There are all sorts of different supplements on the market and all most all of the companies that produce them claim to have the magic bullet that will have the dramatic effect at curing your weight problem quickly.  The problem is most of them have never been studied by an independent not biased party.   

A few months ago, I reviewed a product that has been out there for years by a large supplement company.  While reviewing the product, I looked at the research they claimed made you muscles bugger much quicker than exercise alone.  One study they quoted was on heart muscle.  The muscle did not get larger, but it did have more blood flow.  Heart muscle is not the same type of muscle as our arm or legs and it responds differently.  The company equated blood flow with quicker recover and faster muscle building.  The second study they quoted was one that they funded.  This study is automatically suspect as having bias.   

Do supplements work?  Yes and no.  Most of the supplements work by increasing your calories and providing a positive results through the placebo effect. The placebo effect is sold by the provider or researcher by selling the product similar to how a commercial sells McDonalds to our children through commercials.  Nearly 30 percent can be sold on the benefits of a sugar pill to cure their pain.  
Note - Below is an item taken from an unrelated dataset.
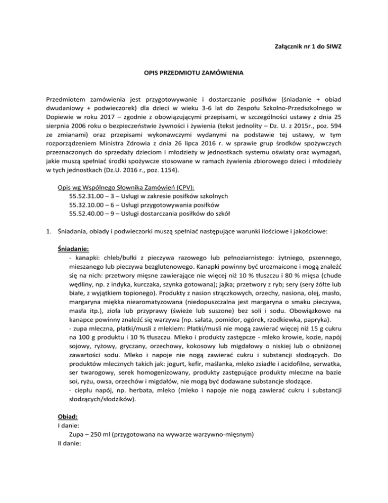 Załącznik nr 1 do SIWZ OPIS PRZEDMIOTU ZAMÓWIENIA Przedmiotem zamówienia jest przygotowywanie i dostarczanie posiłków (śniadanie + obiad dwudaniowy + podwieczorek) dla dzieci w wieku 3-6 lat do Zespołu Szkolno-Przedszkolnego w Dopiewie w roku 2017 – zgodnie z obowiązującymi przepisami, w szczególności ustawy z dnia 25 sierpnia 2006 roku o bezpieczeństwie żywności i żywienia (tekst jednolity – Dz. U. z 2015r., poz. 594 ze zmianami) oraz przepisami wykonawczymi wydanymi na podstawie tej ustawy, w tym rozporządzeniem Ministra Zdrowia z dnia 26 lipca 2016 r. w sprawie grup środków spożywczych przeznaczonych do sprzedaży dzieciom i młodzieży w jednostkach systemu oświaty oraz wymagań, jakie muszą spełniać środki spożywcze stosowane w ramach żywienia zbiorowego dzieci i młodzieży w tych jednostkach (Dz.U. 2016 r., poz. 1154). Opis wg Wspólnego Słownika Zamówień (CPV): 55.52.31.00 – 3 – Usługi w zakresie posiłków szkolnych 55.32.10.00 – 6 – Usługi przygotowywania posiłków 55.52.40.00 – 9 – Usługi dostarczania posiłków do szkół 1. Śniadania, obiady i podwieczorki muszą spełniać następujące warunki ilościowe i jakościowe: Śniadanie: - kanapki: chleb/bułki z pieczywa razowego lub pełnoziarnistego: żytniego, pszennego, mieszanego lub pieczywa bezglutenowego. Kanapki powinny być urozmaicone i mogą znaleźć się na nich: przetwory mięsne zawierające nie więcej niż 10 % tłuszczu i 80 % mięsa (chude wędliny, np. z indyka, kurczaka, szynka gotowana); jajka; przetwory z ryb; sery (sery żółte lub białe, z wyjątkiem topionego). Produkty z nasion strączkowych, orzechy, nasiona, olej, masło, margaryna miękka niearomatyzowana (niedopuszczalna jest margaryna o smaku pieczywa, masła itp.), zioła lub przyprawy (świeże lub suszone) bez soli i sodu. Obowiązkowo na kanapce powinny znaleźć się warzywa (np. sałata, pomidor, ogórek, rzodkiewka, papryka). - zupa mleczna, płatki/musli z mlekiem: Płatki/musli nie mogą zawierać więcej niż 15 g cukru na 100 g produktu i 10 % tłuszczu. Mleko i produkty zastępcze - mleko krowie, kozie, napój sojowy, ryżowy, gryczany, orzechowy, kokosowy lub migdałowy o niskiej lub o obniżonej zawartości sodu. Mleko i napoje nie nogą zawierać cukru i substancji słodzących. Do produktów mlecznych takich jak: jogurt, kefir, maślanka, mleko zsiadłe i acidofilne, serwatka, ser twarogowy, serek homogenizowany, produkty zastępujące produkty mleczne na bazie soi, ryżu, owsa, orzechów i migdałów, nie mogą być dodawane substancje słodzące. - ciepłu napój, np. herbata, mleko (mleko i napoje nie nogą zawierać cukru i substancji słodzących/słodzików). Obiad: I danie: Zupa – 250 ml (przygotowana na wywarze warzywno-mięsnym) II danie: - posiłek mięsny / rybny (70 g), przy czym mięso min. 3 razy w tygodniu oraz porcja ryby co najmniej raz w tygodniu + zamiennie podawane: ziemniaki / kasza / ryż / makaron (120 g) + sos + surówki / jarzyny gotowane (100 g). Produkty zbożowe (np. kasze, ryże, makarony) i ziemniaki na obiad powinny być serwowane co najmniej trzy razy w tygodniu. Od poniedziałku do piątku mogą być podawane nie więcej niż dwie porcje potrawy smażonej, przy czym do smażenia jest używany olej roślinny rafinowany o zawartości kwasów jednonienasyconych powyżej 50 % i zawartości kwasów wielonienasyconych poniżej 40 %. Warzywa powinny być podawane do każdego obiadu; muszą także być zróżnicowane - co najmniej trzy lub więcej rodzajów warzyw tygodniowo. - danie jarskie / bezmięsne (np. pierogi, kluski, naleśniki) – 120 g. - do każdego obiadu kompot / sok / napój – 250 ml. Kompot / sok / napój nie nogą zawierać cukru i substancji słodzących/słodzików. Posiłki nie mogą być przygotowywane z półproduktów. Muszą być wykonane ze świeżych artykułów spożywczych, posiadających aktualne daty ważności. Nie dopuszcza się stosowania mięsa tzw. MOM (mięso oddzielone mechanicznie), produktów typu instant, gotowych produktów typu gołąbki, pulpety, pierogi. Podwieczorek: - owoce (np. jabłko, banan, owoce sezonowe) lub sałatki owocowe; min. waga owocu nie mniej niż 70 g/osobę; - warzywa do chrupania (np. marchewka); - desery mleczne (np. serek, jogurt, kaszka manna na słodko, kasza jaglana, budyń); - kisiel z soku owocowego, galaretka -kanapki, wafle ryżowe 2. Zamawiający szacuje, że maksymalna liczba dostarczanych posiłków to: - w okresie od 01.01.2017r. do 31.08.2017r.: dziennie 65 porcji śniadań, 55 porcji obiadowych oraz 25 porcji podwieczorków; - w okresie od 01.09.2017r. do 31.12.2017r.: dziennie 90 porcji śniadań, 80 porcji obiadowych oraz 50 porcji podwieczorków; Zamawiający zastrzega możliwość zmniejszenia zamawianych posiłków w trakcie trwania umowy z powodu nieobecności dzieci w przedszkolu lub rezygnacji uczęszczania do przedszkola, oraz w okresie od 03.07.2017r. – 21.07.2017r. oraz od 14.08.2017r. do 31.08.2017r. – podczas wakacyjnej przerwy, gdy przedszkole nie pracuje. 3. Zamawiający planuje, że w trakcie trwania umowy (od dnia podpisania umowy, ale nie wcześniej niż od dnia 02.01.2017r. do 31.12.2017r.) należy dostarczyć: 14225 szt. śniadań, 12325 szt. obiadów dwudaniowych oraz 6625 szt. podwieczorków. 4. Umowa na przedmiotowe zamówienie będzie realizowana w okresie od dnia podpisania umowy do dnia 31.12.2017r. z uwzględnieniem dni wolnych i przerw świątecznych. 5. Ilość posiłków uzależniona będzie od ilości dzieci obecnych w danym dniu w przedszkolu. Zapotrzebowanie na dany dzień składane będzie telefonicznie lub za pomocą maila przez upoważnionego przedstawiciela Zamawiającego do godz. 8:20 danego dnia z możliwością korekty ilości dostarczanych posiłków do godz. 9:20. 6. Wykonawca zobowiązuje się dostosować okazjonalnie godziny dostarczania posiłków do potrzeb przedszkola (np. w dniu wycieczki, imprezy w przedszkolu itp.). Za

This bigger issue is the side effects.  They range from an elevated pulse and blood pressure to strokes and liver failure[1].  I just cannot see the risk of living the rest of your life in a diaper or needing a liver transplant being worth 1-2 pounds of weight loss.  

Fact:  Will supplements help you lose weight?  Potentially yes, but they are not a magic pill.  Most supplements for weight loss are useless unless you goal is fund the retirements for supplement company executives.  There are a few supplements that can have a small effect on weight loss, but the effect is short lived and you will not maintain it and it will almost be a few pounds. The best ones may help you lose a few pounds over several months.

I will post more on individual supplements over the next few months.  

Footnotes
[1]Chatham-Stephens et al., “Hepatotoxicity Associated with Weight Loss or Sports Dietary Supplements, Including OxyELITE ProTM – United States, 2013.”

References:

Chatham-Stephens, K, E Taylor, A Chang, A Peterson, J Daniel, C Martin, P Deuster, et al. “Hepatotoxicity Associated with Weight Loss or Sports Dietary Supplements, Including OxyELITE ProTM – United States, 2013.” Drug Testing and Analysis, July 1, 2016 [PubMed]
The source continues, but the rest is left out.